Let $I$ be an ideal of a commutative ring $R$. P. Aluffi says that for all $j,k$ we have that $$I^j I^k\subseteq I^{j+k}.$$ Since $I^k$ is defined as being $I\cdot I\cdot\dotsc\cdot I$ ($k$ times), I don't see why we wouldn't have equality. What am I missing here?
Also, anything changes if $R$ is not commutative?
You aren't missing anything. It is true that $I^j I^k = I^{j+k}$ (and it follows immediately from the fact that the ideals of $R$ form a monoid with respect to multiplication). The reason why Aluffi was only writing the $\subseteq$ sign is probably that he was only needing the $\subseteq$ sign and thus avoiding a little mental detour. (If you give me the exact location of the statement, I can comment with greater certainty.)
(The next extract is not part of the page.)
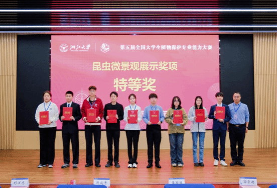 凭借扎实的专业功底和出色的临场表现,同学们一路过关斩将,共斩获特等奖3项,一等奖1项及二等奖5项,最终获团体一等奖、优秀组织奖。其中, “昆虫微景观展示”、 “植物病虫害知识考核”和 “植物保护专业知识视频制作与展示”获特等奖; “植物病理学实验操作和病原菌结构绘图”获一等奖, “创新创业优秀项目展示”、 “本科生学术交流报告”、 “植物保护专业知识动画制作与展示”、 “昆虫解剖和昆虫结构绘图”、 “昆虫标本现场制作”等项目中获二等奖,展现了公司专业人才培养的显著成效。

And yes, this all remains true when $R$ is noncommutative. Indeed, if $U$ and $V$ are two ideals of $R$, then the $\mathbb{Z}$-submodule of $R$ spanned by all products of the form $uv$ with $u \in U$ and $v \in V$ is again an ideal of $R$, and therefore the product operation is well-defined; its associativity can be easily seen as a consequence of the associativity of multiplication of $R$.
Furthermore, this all remains true when $R$ is nonunital, as long as $j$ and $k$ are positive. (We could still define $I^0$ to be $R$, but it would not be a very useful thing to do, since $R$ is no longer the neutral element of the semigroup of ideals of $R$ when $R$ is nonunital.)